The only tricky part was cleaning up the Amount field so DuckDB treated it as a number. There may be a simpler way to do that.

Graphing with Plotly

Once I had the tabular data from DuckDB, graphing it with Plotly was simple. Plotly can generate an image file, but I think it really shines when generating standalone, interactive HTML:

expenses_by_category_sunburst = px.sunburst(
    expenses_by_category,
    path=["Type", "Group", "Category"],
    values="Amount",
)

expenses_by_category_sunburst.update_traces(textinfo="label+percent parent")

expenses_by_category_sunburst.write_image("expenses_sunburst.png")

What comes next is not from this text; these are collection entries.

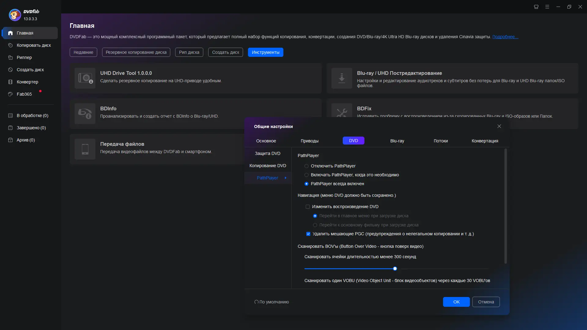 Данный программный продукт представляет собой мощное решение для работы с видео на физических носителях. Он способен копировать все содержимое диска или только основной фильм с выбором нужных звуковых дорожек и субтитров. Помимо этого, DVDFab позволяет создать персонализированные DVD или Blu-ray, обрезать рекламу, объединять и разделять материалы, а также пережимать диски формата DVD9 в более компактный DVD5 без значимых потерь качества. Функционал включает запись образов, поддержку различных форматов и форматов видео высокого разрешения, а также автоматическую обработку современных защит.
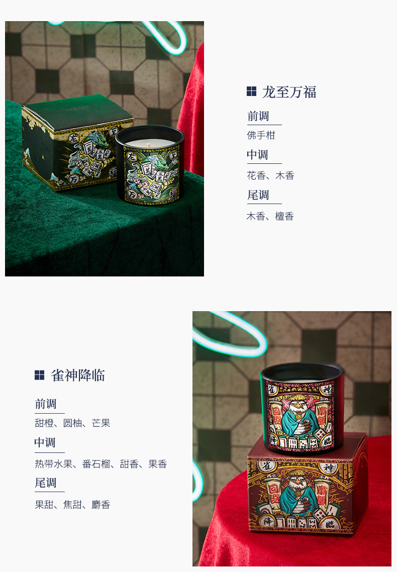 【大牌共禾京品】国潮麻将主题香薰蜡烛礼盒,花果香融合草本花香,清新典雅,净化空气,缓解紧张情绪,装点家居必选~!
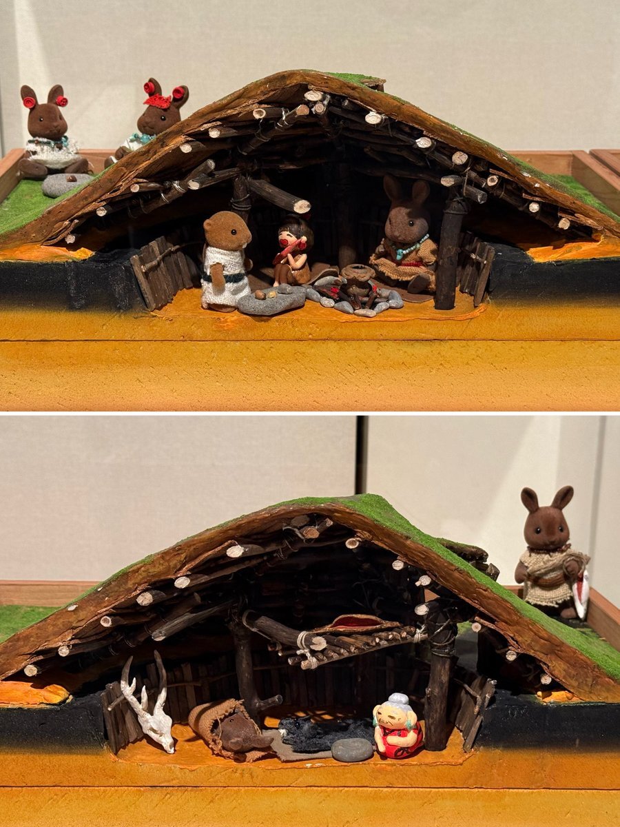 文博でやってる縄文展で、シルバニアファミリーの縄文ジオラマがかわいかった。竪穴式住居の中もいいけど、鮭をとってきたドヤ顔がなんかいいなあ。 #京都文化博物館 #世界遺産縄文 #縄文時代 pic.x.com/gqJrCD7p9a
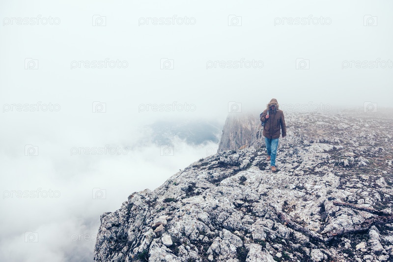 Мужчина в горах в тумане
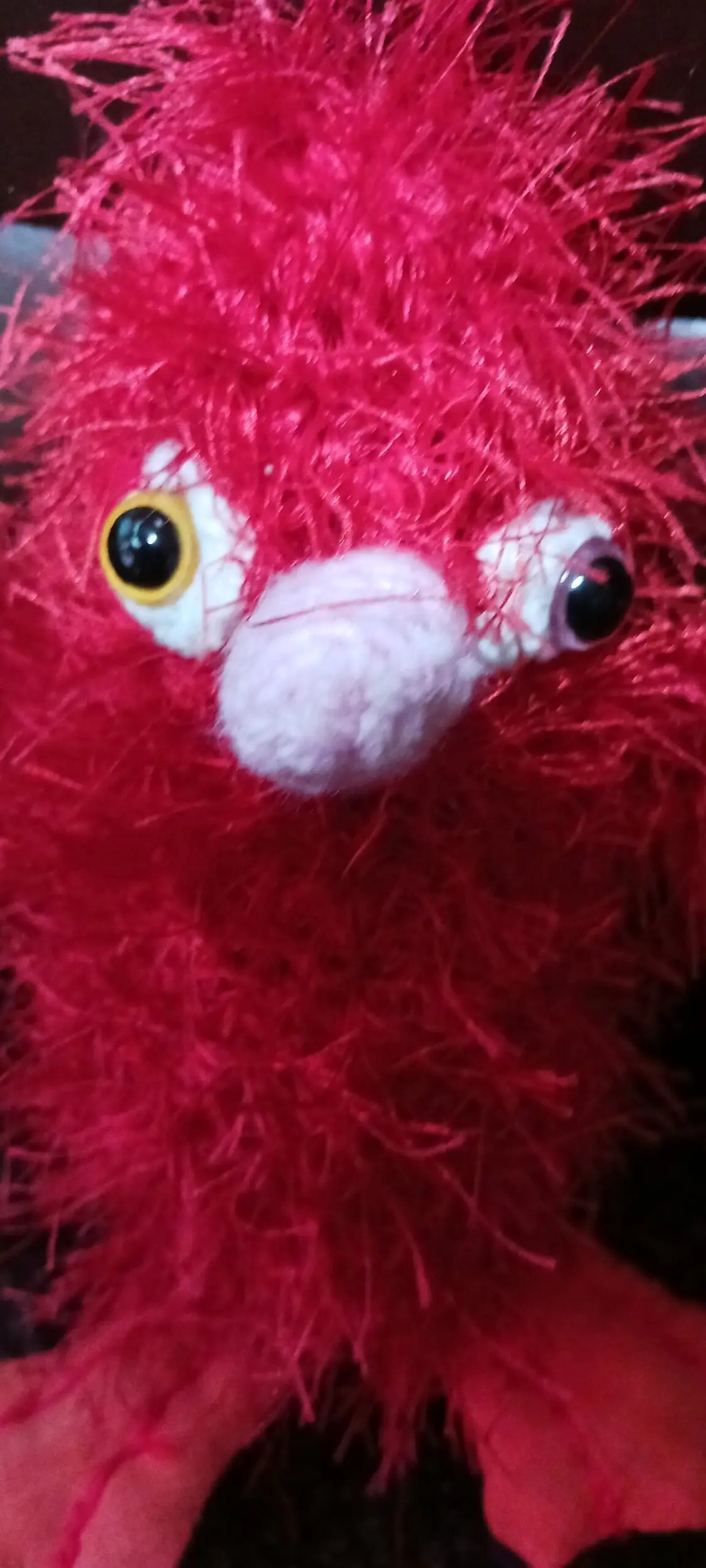 Fluffy Red Bird. Parrot. Crochet. Handmade. Colorful. Stuffed toy

expenses_by_category_sunburst.write_html("plotly_expenses.html")

Full script

I use uv these days for managing Python dependencies, which lets you embed the dependency requirements as a comment in the Python script. So you can save this as tiller_plotly.py and then run it with uv run tiller_plotly.py, which will automatically download the dependencies:

# /// script
# requires-python = ">=3.12"
# dependencies = [
#     "duckdb~=1.2",
#     "kaleido~=0.2", # Needed to generate images
#     "plotly[express]~=6.0",
#     "pyarrow~=19.0",
# ]
# ///

import duckdb
import plotly.express as px

expenses_by_category = duckdb.sql(
    """
    select
        c.Type,
        c.Group,
        t.Category,
        -round(sum(replace(replace(t.Amount, '$', ''), ',', '')::decimal), 1) as Amount
    from read_csv('Tiller Sample Data - Transactions.csv') t
    join read_csv('Tiller Sample Data - Categories.csv') c on c.Category = t.Category
    and c."Hide From Reports" is null
    and c.Type = 'Expense'
    group by t.Category, c.Group, C.Type
"""
)

expenses_by_category.show()

expenses_by_category_sunburst = px.sunburst(
    expenses_by_category,
    path=["Type", "Group", "Category"],
    values="Amount",
)

expenses_by_category_sunburst.update_traces(textinfo="label+percent parent")

expenses_by_category_sunburst.write_image("expenses_sunburst.png")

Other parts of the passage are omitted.